Records from a data collection
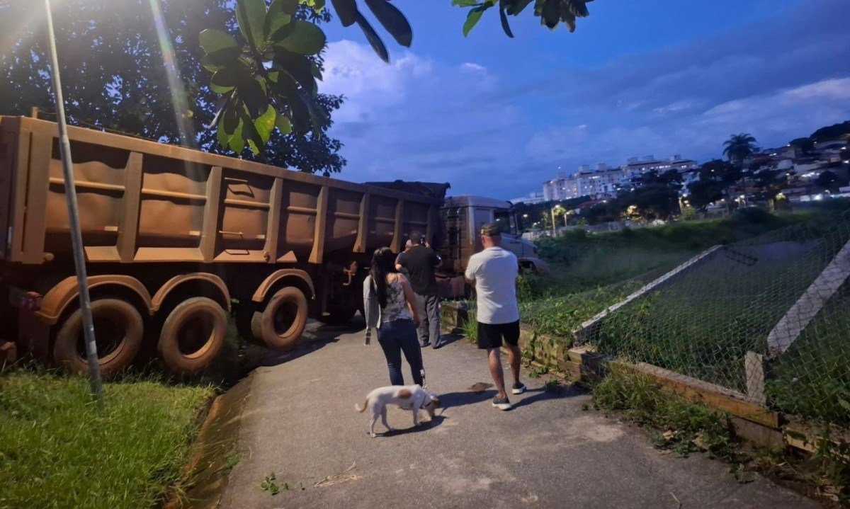 Carreta invade pista de caminhada no Barreiro, em BH
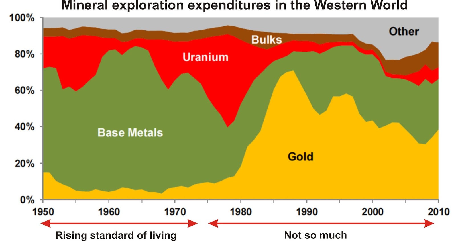 I think this graph shows the change in mindset from the past to the present. Don't mine base metals; mine money (gold). And this established the precedent for today's industrial ideal: don't make products, make money. And so the business model changed: from producing real products, which improved lives and increased the wealth of everyone; to making money through methods including outsourcing and speculation, which improved the lives and wealth of only a few.
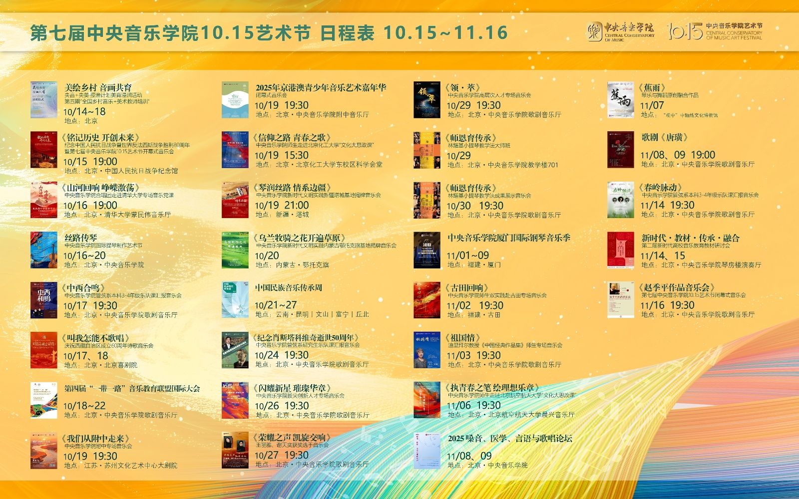 在习近平总书记主持召开文艺工作座谈会并发表重要讲话11周年之际,“以史为脉,以乐为桥——第七届中央音乐学院10·15艺术节”将于10月15日—11月16日在北京、上海、厦门、昆明等地同步拉开帷幕,以为期一个月的丰富活动奏响“艺术为民”的锦绣华章。艺术节由教育部体卫艺司、北京市委教育工委、北京市委宣传部、北京市教委指导,由文化和旅游部艺术司、中央音乐学院、中共云南省委宣传部、厦门市委市政府联合主办。
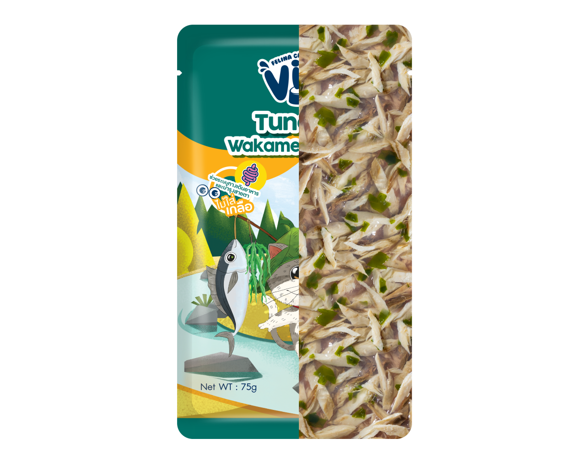 ครบรสสัมผัสจากทะเล ด้วยปลาทูน่ารสชาติเข้มข้นผสมผสานกับสาหร่ายวากาเมะนุ่ม ๆ รวมอยู่ในรูปแบบเจลลี่เนื้อเนียนนุ่ม อิ่มอร่อยได้แม้ไม่มีการผสมเกลือและสารกันเสีย เสริมด้วย วิตามินอี โอลิโกฟรุกโตส และทอรีน ช่วยให้การทำงานของร่างกายแข็งแรง
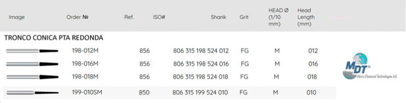 Descubra la excelencia en fresas de diamante y abrasivos para odontología con la Fresa Diamante Tronco Conica Punta Redonda de MDT, el reconocido fabricante israelí en este sector.
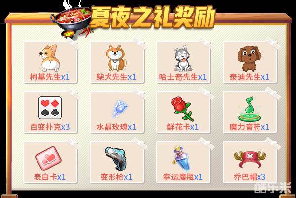 活动期间,魔法翻牌限时新增以下物品:板牙拖车登场动画、狮子座发言框、幻境之翼、飞舞、金盾、银盾、金项链、银项链、金手套、银手套、鸡你太美、猪猪帽、星光短裤、个性裙、宠物·伦特猫、星系光环、全新翅膀·蜂语。
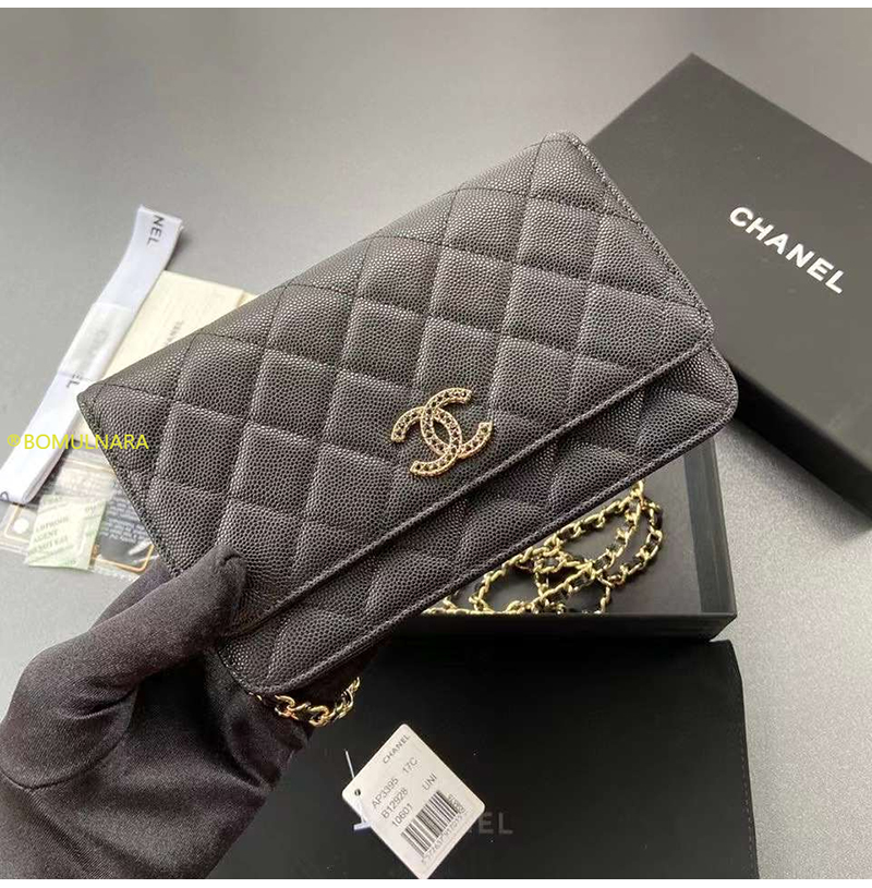 [스페셜오더]CHANEL-AP3395 샤넬 23A 블랙 캐비어 크리스탈 CC 로고 골드장식 WOC
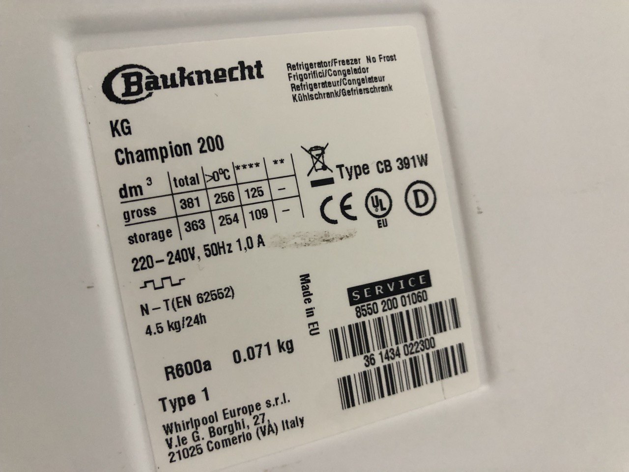 холодильника: 254 літрів
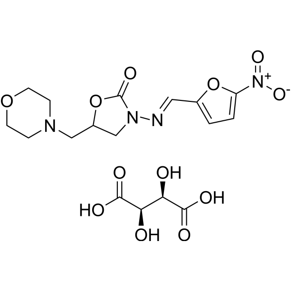InChI=1S/C13H16N4O6.C4H6O6/c18-13-16(14-7-10-1-2-12(22-10)17(19)20)9-11(23-13)8-15-3-5-21-6-4-15;5-1(3(7)8)2(6)4(9)10/h1-2,7,11H,3-6,8-9H2;1-2,5-6H,(H,7,8)(H,9,10)/t;1-,2-/m.1/s1
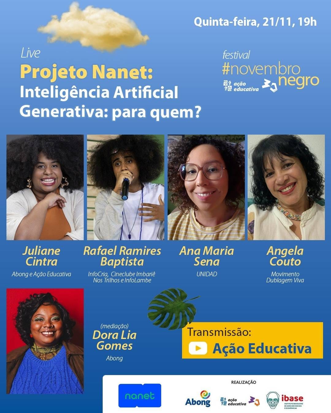 ???? O Projeto Nanet, promovido pela Ação Educativa em parceria com Abong e Ibase, realizará uma conversa sobre os impactos da inteligência artificial generativa na sociedade. Artistas, ativistas e pesquisadoras vão discutir como essa tecnologia, que parece democratizar a criação, esconde desafios como desemprego, desinformação e apropriação indevida de materiais criativos.
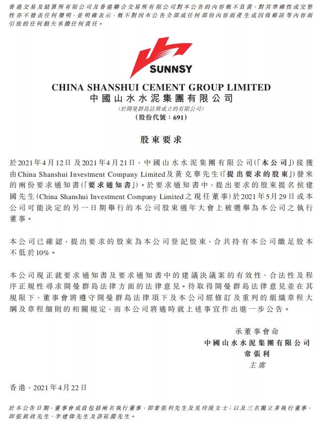 日前,山水水泥发布公告,于2021年4月12日及2021年4月21日,公司接获由China Shanshui Investment Company Limited及黄克华发来的两份要求通知书。于要求通知书中,提出要求的股东提名侯建国于2021年5月29日或公司可能决定的另一日期举行的公司股东周年大会上被选举为公司的执行董事。
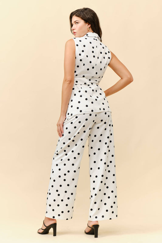 Polka dot belted vest and pants 2 piece set
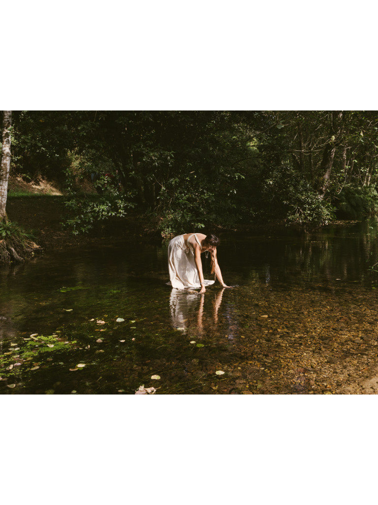 Falda larga confeccionada en algodón, diseñada para acompañar el movimiento del cuerpo con naturalidad. Presenta cierre frontal con botones de coco, un detalle orgánico que aporta carácter y autenticidad a la prenda.
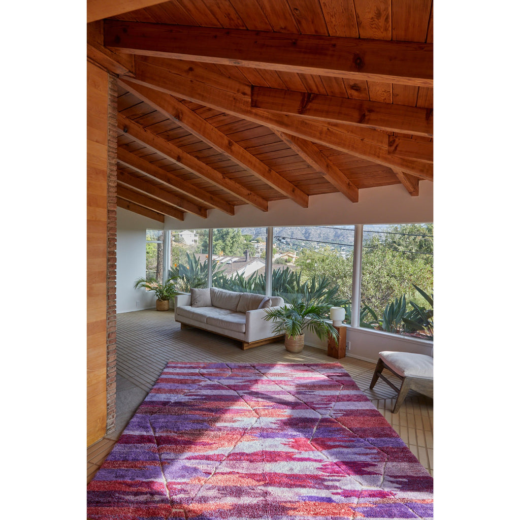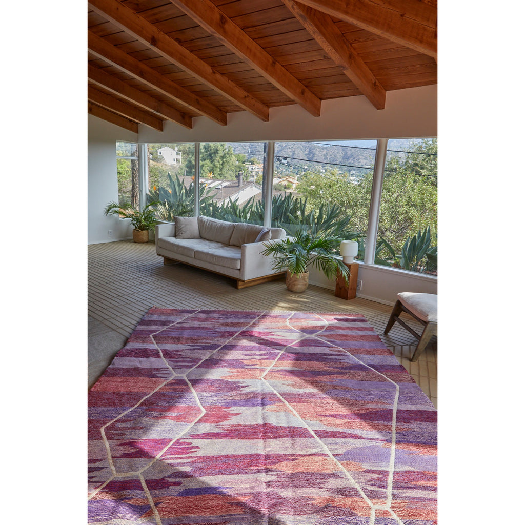 A contemporary take on the classic Beni Mrirt design, this Moroccan area rug features geometric inlaid lines against an abstract base. The unique color palette of this piece adds another dimension to the pattern with a collection of reds, pinks, and purples. Colorful and warm, this Beni Mrirt Moroccan rug would be perfect for a living room or bedroom.
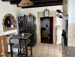 Cette maison est située au bout d'un chemin de campagne sans issue, avec seulement deux maisons voisines qui ne sont actuellement pas habitées en permanence. Un endroit idéal pour ceux qui recherchent le calme et la nature. Vous entrez dans la pièce à vivre qui sert actuellement de salle à manger, avec un plafond à poutres apparentes, un poêle à granulés, un insert actuellement inutilisé et une vue magnifique sur le jardin. De là, un escalier mène à l'étage supérieur. La cuisine semi-ouverte est reliée à la salle à manger et équipée d'une cuisinière à gaz, d'un four, de branchements pour lave-vaisselle et lave-linge. Elle présente également un plafond avec poutres apparentes et un détail authentique d'un ancien four à pain. Quelques marches plus bas, vous trouverez l'arrière-cuisine. Depuis la cuisine, des portes-fenêtres donnent accès à une terrasse couverte sur le côté de la maison. Depuis la salle à manger, une porte à gauche mène à la salle de bains avec baignoire, toilettes et lavabo, et une autre porte mène à une chambre qui sert actuellement de salon. À l'étage supérieur se trouve un grand palier (ancienne chambre) où la rénovation doit encore être terminée, et à gauche de celui-ci, une deuxième chambre. À l'extérieur, vous profiterez d'un jardin bien entretenu et entièrement clôturé de 3136 m2 avec un puits, une dépendance/garage et un abri pour voiture à côté de la maison. La maison dispose de volets en bois, d'un toit en bon état et est située dans un environnement calme, entouré de champs. Ref : 101706 Prijs : 160.500 EUR NoRSAC : 879 175 784 N'hésiter pas à nous contacter, langues parlées : Français , Anglais, Néerlandais et Allemand

◆ Exercise goal
Would you restate, exactly and with no pictures, the lines of the entries above from the one containing "活动期间,魔法翻牌限时新增以" through the one containing "A contemporary take"?

◆ Result of the task
 活动期间,魔法翻牌限时新增以下物品:板牙拖车登场动画、狮子座发言框、幻境之翼、飞舞、金盾、银盾、金项链、银项链、金手套、银手套、鸡你太美、猪猪帽、星光短裤、个性裙、宠物·伦特猫、星系光环、全新翅膀·蜂语。
 [스페셜오더]CHANEL-AP3395 샤넬 23A 블랙 캐비어 크리스탈 CC 로고 골드장식 WOC
 холодильника: 254 літрів
InChI=1S/C13H16N4O6.C4H6O6/c18-13-16(14-7-10-1-2-12(22-10)17(19)20)9-11(23-13)8-15-3-5-21-6-4-15;5-1(3(7)8)2(6)4(9)10/h1-2,7,11H,3-6,8-9H2;1-2,5-6H,(H,7,8)(H,9,10)/t;1-,2-/m.1/s1
 ???? O Projeto Nanet, promovido pela Ação Educativa em parceria com Abong e Ibase, realizará uma conversa sobre os impactos da inteligência artificial generativa na sociedade. Artistas, ativistas e pesquisadoras vão discutir como essa tecnologia, que parece democratizar a criação, esconde desafios como desemprego, desinformação e apropriação indevida de materiais criativos.
 日前,山水水泥发布公告,于2021年4月12日及2021年4月21日,公司接获由China Shanshui Investment Company Limited及黄克华发来的两份要求通知书。于要求通知书中,提出要求的股东提名侯建国于2021年5月29日或公司可能决定的另一日期举行的公司股东周年大会上被选举为公司的执行董事。
 Polka dot belted vest and pants 2 piece set
 Falda larga confeccionada en algodón, diseñada para acompañar el movimiento del cuerpo con naturalidad. Presenta cierre frontal con botones de coco, un detalle orgánico que aporta carácter y autenticidad a la prenda.
 A contemporary take on the classic Beni Mrirt design, this Moroccan area rug features geometric inlaid lines against an abstract base. The unique color palette of this piece adds another dimension to the pattern with a collection of reds, pinks, and purples. Colorful and warm, this Beni Mrirt Moroccan rug would be perfect for a living room or bedroom.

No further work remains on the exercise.